Imagine: You would have invested even with a smaller leverage with a factor of two or three and the tech crash would have also caught your portfolio. What could have happened would have been quite rapidly the total loss. Or even more.
In the course of this tech crash, quite a few stocks and even some large caps have lost more than half of their market value. Yes, in some cases even up to 80% or even more. Anyone who had experienced this market phase with leverage would be sitting on a total loss today in the best-case scenario. Or possibly on an even worse performance with some margin call. A margin call would probably have liquidated many a position, you couldn't even hope for a turnaround anymore. The money would be gone, once and for all.

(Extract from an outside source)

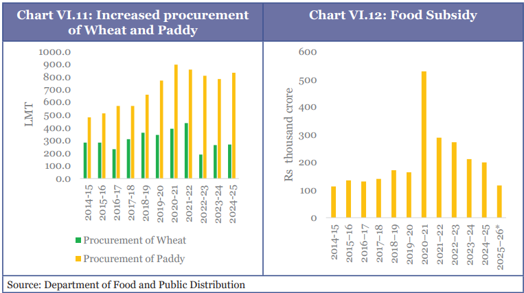 - Ensuring food and nutrition security: Distribution of fortified food, enabling greater inclusiveness through Aadhaar-based deduplication and One Nation One Ration Card (ONORC) portability, expanding direct subsidy delivery via Direct Benefit Transfer (DBT).

Credit would also be something that would make me at least beat more restless at night. The tech crash is probably a challenge for investors anyway. As already mentioned: Some shares have already corrected by 80 % or more. Imagine, one would have built up this still with a credit and would sit on a minus. But you would know that you would have to pay interest and repayment for the loan despite temporary book losses? That would unnecessarily increase the pressure and perhaps encourage many a bad decision.
This tech crash and the hypothetical aftermath therefore show me: I invest exclusively, 100%, with my own money. Neither leverage nor credit will I ever use to buy stocks or ETFs.
Simple remedy to save yourself worry
There may be settings where loans and leverage are appropriate. Or for certain types of investors. However, one thing is for sure for me: both is not my way. The tech crash and thinking about the consequences shows me this one more time. In any case, if I can't afford to buy a stock or a block of stocks of the size I want: Then I just don't do it either.